*Exercise*.
Beginning with the line below that contains "固定力のある足首用の非伸縮の" and ending with the line that contains "2019-2020赛季西甲联", retype every line exactly. Pictures are not copied.

*Excerpted data*.
◇ ◇ ◇

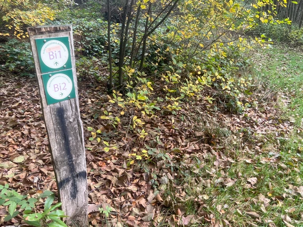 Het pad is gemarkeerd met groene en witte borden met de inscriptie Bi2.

◇ ◇ ◇

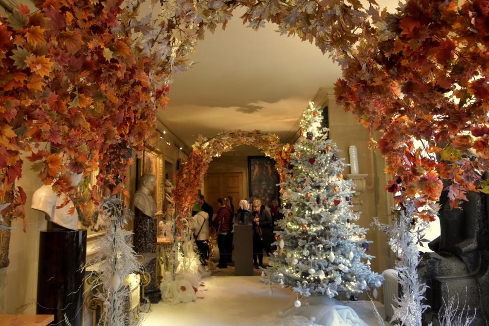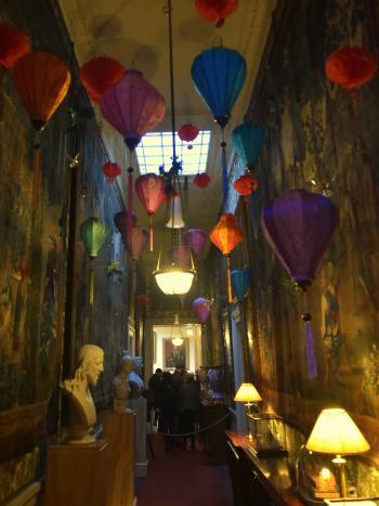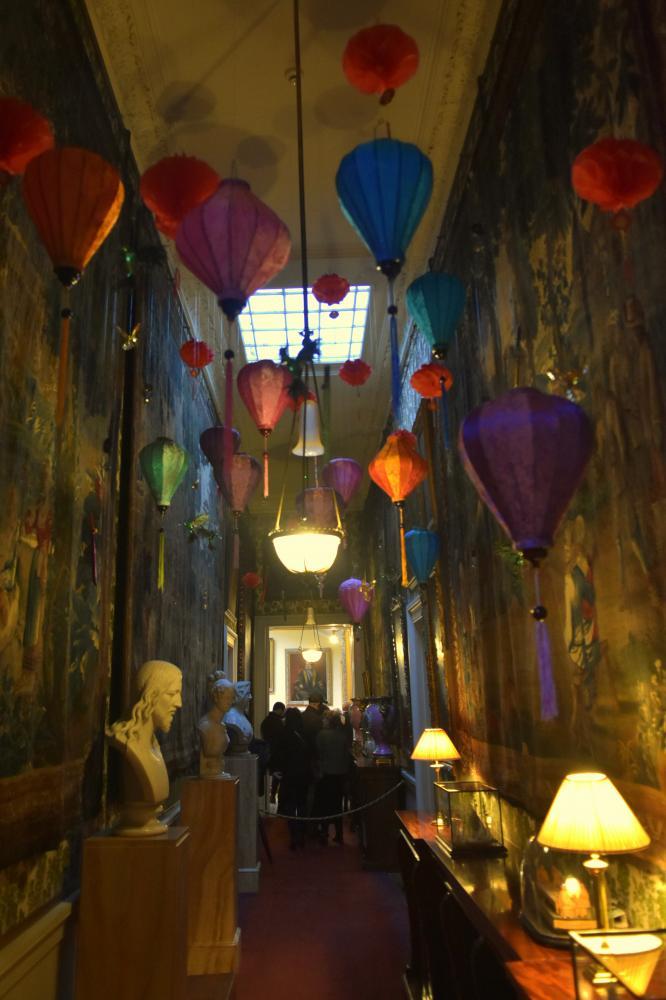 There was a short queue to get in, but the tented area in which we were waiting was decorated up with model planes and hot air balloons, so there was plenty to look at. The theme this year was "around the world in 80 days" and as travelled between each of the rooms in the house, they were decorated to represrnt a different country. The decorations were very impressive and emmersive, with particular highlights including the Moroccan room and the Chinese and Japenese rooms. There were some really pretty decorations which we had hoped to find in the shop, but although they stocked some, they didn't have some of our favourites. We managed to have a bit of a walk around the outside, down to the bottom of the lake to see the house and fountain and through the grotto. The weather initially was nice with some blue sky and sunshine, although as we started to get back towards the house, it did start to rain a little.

◇ ◇ ◇

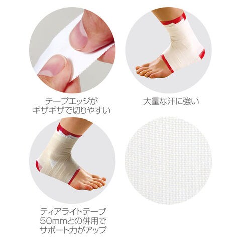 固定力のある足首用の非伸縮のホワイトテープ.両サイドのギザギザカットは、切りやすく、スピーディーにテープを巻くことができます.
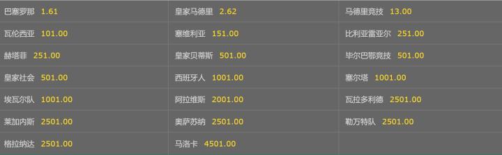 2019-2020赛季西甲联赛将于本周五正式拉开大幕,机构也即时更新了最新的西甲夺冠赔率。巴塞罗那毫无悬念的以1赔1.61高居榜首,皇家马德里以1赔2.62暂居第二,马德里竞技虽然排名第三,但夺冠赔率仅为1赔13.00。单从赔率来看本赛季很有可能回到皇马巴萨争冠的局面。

◇ ◇ ◇

*Exercise solution*.
 固定力のある足首用の非伸縮のホワイトテープ.両サイドのギザギザカットは、切りやすく、スピーディーにテープを巻くことができます.
 2019-2020赛季西甲联赛将于本周五正式拉开大幕,机构也即时更新了最新的西甲夺冠赔率。巴塞罗那毫无悬念的以1赔1.61高居榜首,皇家马德里以1赔2.62暂居第二,马德里竞技虽然排名第三,但夺冠赔率仅为1赔13.00。单从赔率来看本赛季很有可能回到皇马巴萨争冠的局面。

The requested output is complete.